My husband's an okay guy. Actually, he's very nice. He's just doing the best he can. Infertility is his cross to bear too, at least while he's married to me. I know I try to push him away. I cast shadows on things he does, I doubt his sincerity, I make it look like he's to blame. But he's not. He's really more sensitive than most. It's me who's the problem. I've told him this. I've even said that maybe he should go find some fertile, younger, happier woman with the ability to balance a checkbook and bear babies. But he sticks around. For now.

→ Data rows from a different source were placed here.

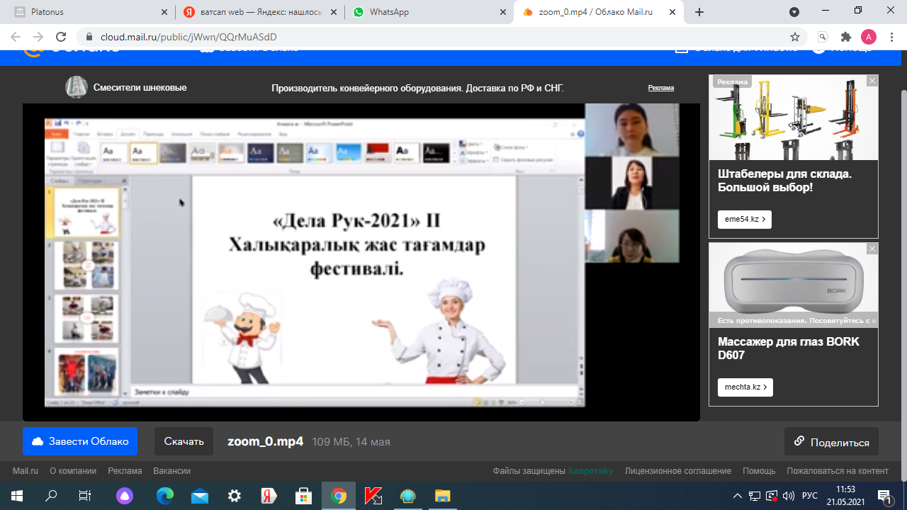 14.05.2021 года в колледже Сервиса и туризма акимата г. Нур-Султан в режиме онлайн состоялся семинар по итогам ІІ Международного фестиваля "Дело рук 2021" проходивший в г. Алматы. В ходе семинара преподаватели колледжа Байгабылова Гульден Е, Серикова К. Б, Махметова А. К и студенты Омарова Анастасия 2-Опк-319 группа, Мухтар Рузана Т-21, Алимхан Нурсултан ТУ-21 поделились своим опытом и впечатлениями от конкурса.
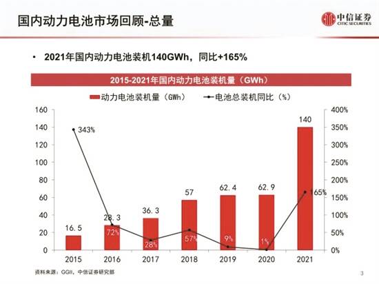 中信证券发布的《新能源汽车动力电池行业专题报告:2021年国内动力电池市场回顾》显示,2021年国内动力电池装机140GWh,同比增长165%,其中2月份受2020年疫情低基数影响,增速更是高达622%。
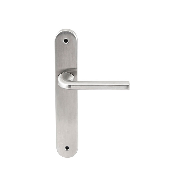 Een twintigtal moderne deurkrukken in RVS die vastgeveerd op een schild geleverd worden met een prettige prijs en hoogwaardige kwaliteit.
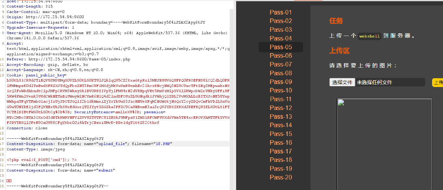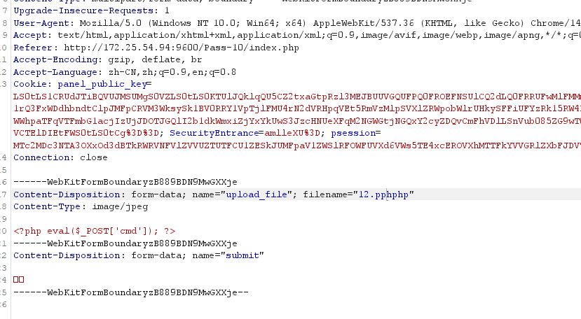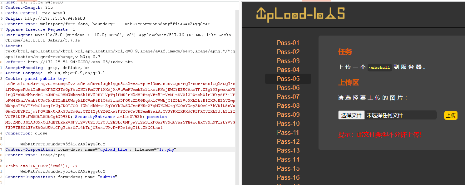 还有的方法就是php还可以解析一些特殊格式,比如说php5,php7,pht等格式,那么我们这里使用php5来进行绕过
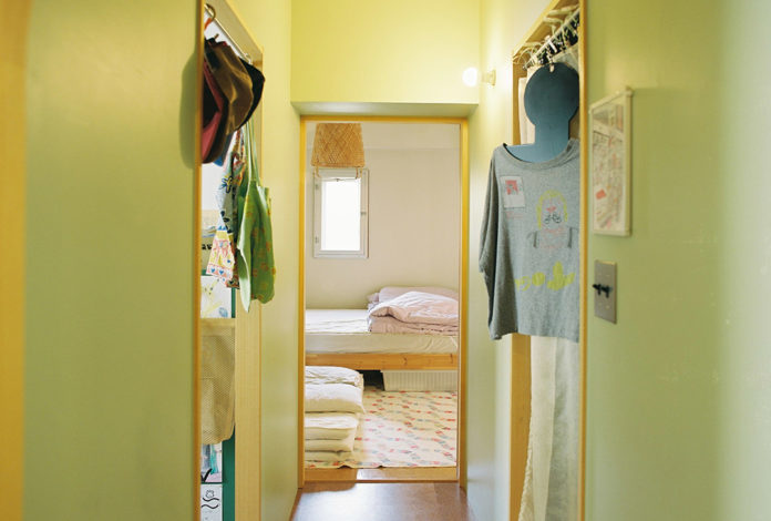 寝室の隣にはこれまたたくさんの本を収納する書庫。寝室からも、夫の作業部屋からもアクセスできる。

I see clouds pass over his face when we're around children. He's really good with children, and they love him right back. He's charming, and entertaining, and knows how to communicate with kids. Together, they romp and yell and throw things, and I see his cares fall away from him as he enters their moments...time-stand-still moments when anything is possible. Then the clouds pass over when he realizes that it was just pretend, that he's not a dad. Or maybe he was, for one soft moment, but the moment is no more.
My husband is not perfect. He's cheated on me, at least virtually...I found pictures downloaded and uploaded, text of furtive sex acts, strange numbers on the cell phone bill. I don't think he's ever actually been with another woman. But he's not with me all that often. Not because I'm cold, or frigid...I still want. But maybe, in his inner self, he realizes that sex with me is just sex for pleasure...nothing more. Perhaps there is truth to the idea that there exists a primordial part of every man that wants to fuck simply for procreation. I keep waiting for the day when I get a phone call from some strange woman, telling me that my husband has gotten her pregnant, and that I ought to give him up because she can give him something I can't.
I don't know how long our marriage will last, because I don't know if I'm willing to keep him childless. I love him enough to want more for him than I can give. And our marriage is in a state of stasis. More to the point, it's in a state of waiting. For Godot.